If you don’t have Python installed, you first need to install it from https://www.python.org/downloads/. You need a version at least 2.7 but lower than 3.0.

For the following commands, add sudo in front of the commands if you are getting permission error.

A Python package management system will make your life easier, so install pip by:

$ easy_install pip

If easy_install is not on your system, you can check how to install it in https://pythonhosted.org/setuptools/easy_install.html#installing-easy-install.

Install with pip

$ pip install sorno_py_scripts  # note that the project name is in underscores, not dashes

Install with easy-install

$ easy_install sorno_py_scripts  # note that the project name is in underscores, not dashes

Install from source

You can install sorno-py-scripts from the source code by cloning the git repo:

$ git clone https://github.com/hermantai/sorno-py-scripts

Then cd to the sorno-py-scripts directory:

$ cd sorno-py-scripts

Install it:

$ python setup.py install

Running the scripts

Your scripts should be installed at your $PATH. For nix system, they are usually in */usr/local/bin. For windows, they should be in a Scripts directory under the Python installation.

Make sure your scripts are in the PATH system environment variables.

Then you can run the scripts by simply invoking them from the command line console ($ is the prompt of the console):

$ sorno_gtasks.py -h

Running the tests

In the directory containing the ./test.sh file, then run it:

$ ./test.sh

You can run tests only for the sorno library:

$ ./test_sorno.sh

Or tests only for the scripts:

$ ./test_scripts.sh

Contents

Use -h or –help options for the scripts to get more detail documentation for each script.

sorno_alarm.py (alpha)

A console alarm which uses the system bell as the alarm bell by default. You set how many seconds before the alarm goes off, not an absolute time in the future. After you respond to the bell (e.g. please “Enter” in the console after the system bell rings), it restarts the alarm and will ring again after your specified time. Use control-c to exit the alarm completely.

sorno_amazon_reviews_scrape.py

A script to scrape Amazon product reviews from the web page.
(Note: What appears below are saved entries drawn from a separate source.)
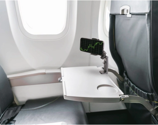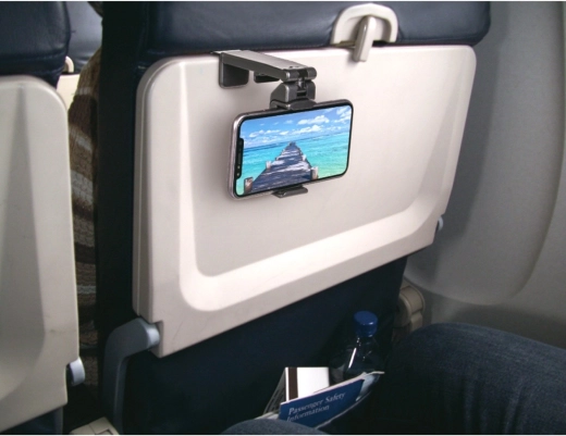 Pritrdite nosilec na pladenj v letalu ali na ročaj kovčka ter udobno uživajte v filmih ali delu med letom ali prestopi.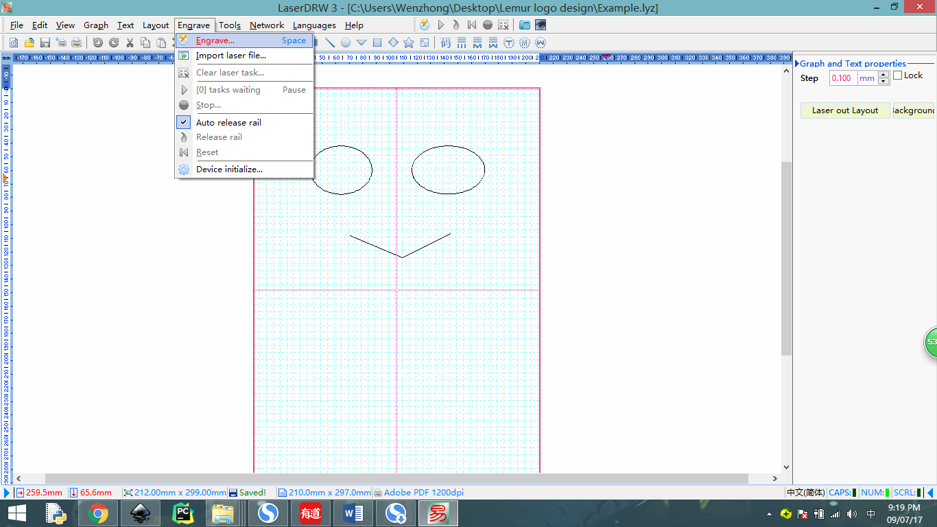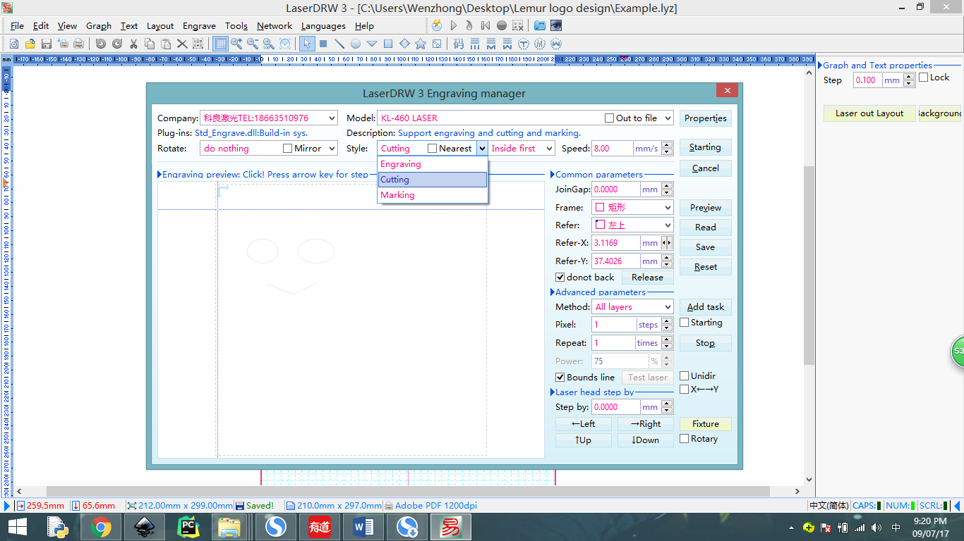 10) Click ‘Starting’ in LaserDrw, then you will have your masterpiece in minutes;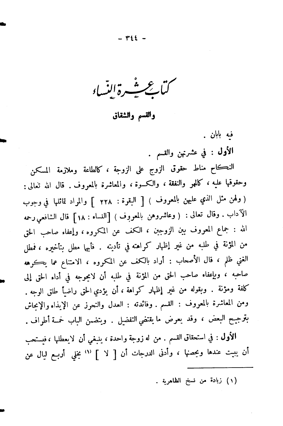 الْأَوَّلُ: فِي عِشْرَتِهِنَّ وَالْقَسْمِ.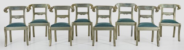 Holzkorpus, flächendeckend belegt mit silberfarbenem Metall und schmalen Ornamentbändern. Trapezförmige, teilw. godronierte Zarge auf ausgestellten Beinen, in zurückschwingende Rückenlehnenrahmung übergehend. Gewölbter oberer Abschluss mit vollplastisch gestalteten Widderköpfen. Sitzfläche gepolstert und bezogen. Sitz-H. 47 cm.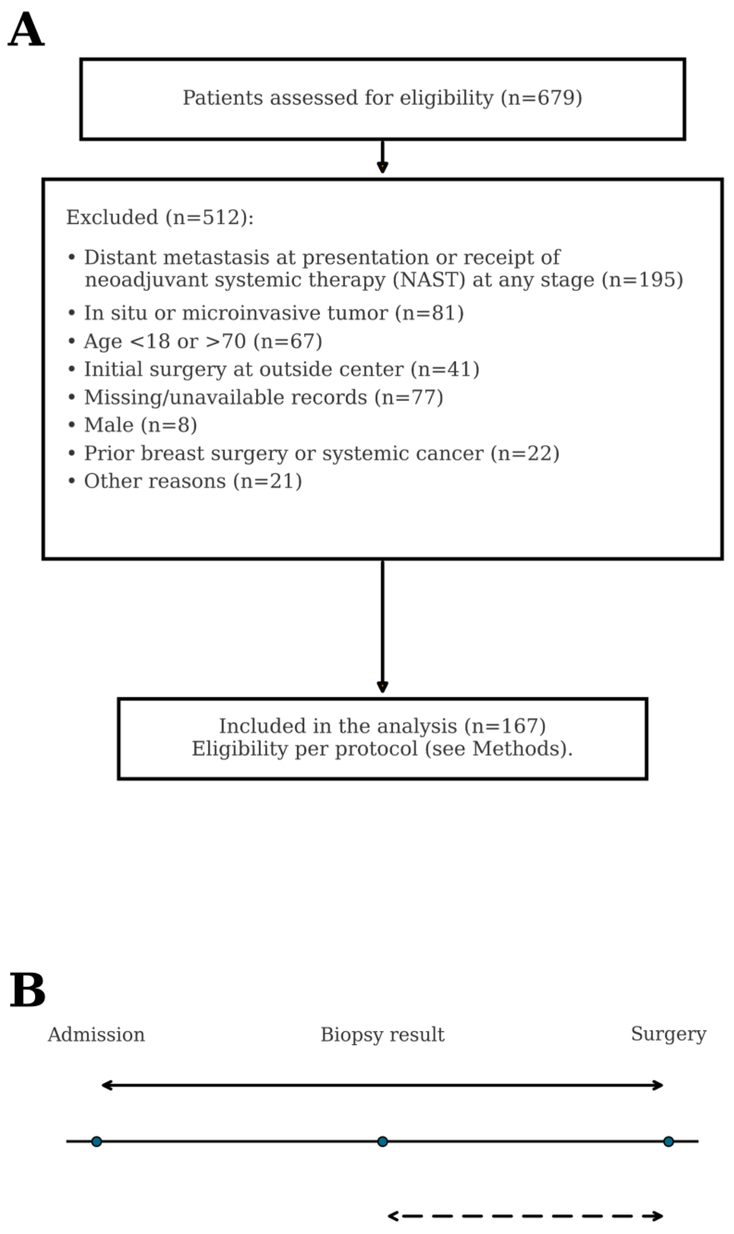 - Wiener, A.A.; Hanlon, B.M.; Schumacher, J.R.; Vande Walle, K.A.; Wilke, L.G.; Neuman, H.B. Reexamining time from breast cancer diagnosis to primary breast surgery. JAMA Surg. 2023, 158, 485–492. [Google Scholar] [CrossRef]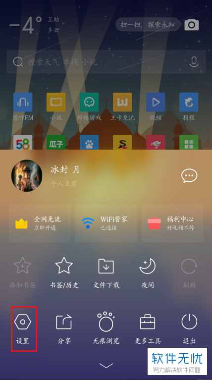 具体如下:第一步,我们先把手机里的浏览器设置成网页浏览的模式,这里以UC浏览器为例,手机里当他浏览方法也类似。我们先打开手机里的浏览器,然后点击浏览器的设置进去;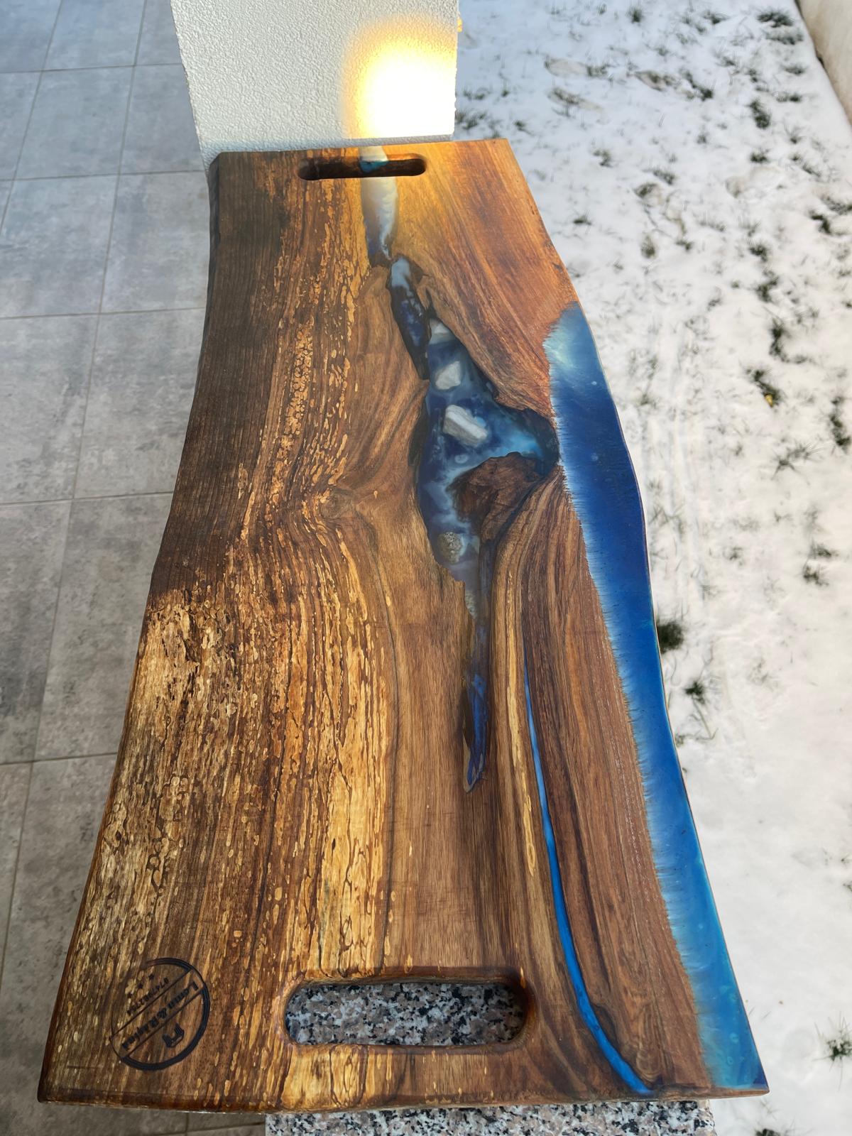 Platoul se remarcă prin designul său artistic, inspirat de tematica apei, cu valuri delicate realizate din rășină epoxidică albastră și pietre naturale încorporate, completate de straturi de rășină transparentă care evidențiază frumusețea detaliilor. Această combinație creează un efect vizual spectaculos și transformă platoul într-o piesă de artă funcțională.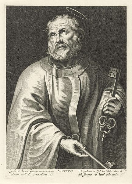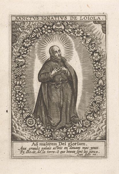 Curator: Let's talk about "Philippus Neri", an engraving from around 1678 to 1694 by Richard Collin. Editor: It has a devotional, pious air. I'm struck by the upward gaze and the clasped hands, which immediately set a tone of humility. Curator: The artistic choices clearly promote Neri's sainthood, portraying him within a radiating halo in the classic Baroque style, which often depicted religious figures with heightened emotion and drama to inspire piety in viewers. How might social conditions and institutional religious patronage inform our view? Editor: It's impossible to separate the creation of this image from the Catholic Church's efforts to maintain influence through the dissemination of pious imagery. Prints such as these, and by implication "Philippus Neri" helped cement ideas about how individuals of faith are expected to perform it. What narratives might the piece offer about social justice or challenge it? Curator: Well, this depiction presents a somewhat sanitized vision of sainthood, absent of social context and intersectional perspectives of who achieves sainthood or why. While there is undeniable artistry here, the work also glosses over complexities regarding Neri's personal life and societal implications that are typically promoted, so we must consider what stories may have been repressed, and what impact this may have had. Editor: Indeed, what this image leaves out is as significant as what it includes. Collin’s print presents not just the saint but how a population were socially engineered to imagine a very idealized and gendered expression of faith, and it continues today, so even now its messages and themes affect those. Curator: These observations emphasize the ongoing resonance of art to influence and reflect larger political and social movements. The image’s history illuminates how the power structures are woven into artistic representation, from religious authority to gender stereotypes. Editor: Exactly, understanding how that history shapes both production and interpretation gives it even more contemporary relevance, showing art's lasting relationship to social power, identity and change.

sorno_amazon_wishlist_scrape.py

A script to scrape items from an Amazon wishlist. The script only works for wishlists which are “Public”. You can change the settings by following the instruction in: http://www.amazon.com/gp/help/customer/display.html?nodeId=501094

sorno_appcache_generator.py

Generate an appcache file to be used for html5 application cache of a web application. The goal is to make the whole web app cached, so the app can be run offline.

sorno_attach_realdate.py

Attaches the actual time in human readable format for timestamps found in coming lines.

Example:

$ cat /tmp/abc
once upon a time 1455225387 there is
1455225387 something called blah
and 1455225387
then foo

$ cat /tmp/abc |python scripts/sorno_attach_realdate.py
once upon a time 1455225387(2016-02-11 13:16:27) there is
1455225387(2016-02-11 13:16:27) something called blah
and 1455225387(2016-02-11 13:16:27)
then foo

sorno_cloud_vision.py

sorno_cloud_vision.py makes using the Google Cloud Vision API easier.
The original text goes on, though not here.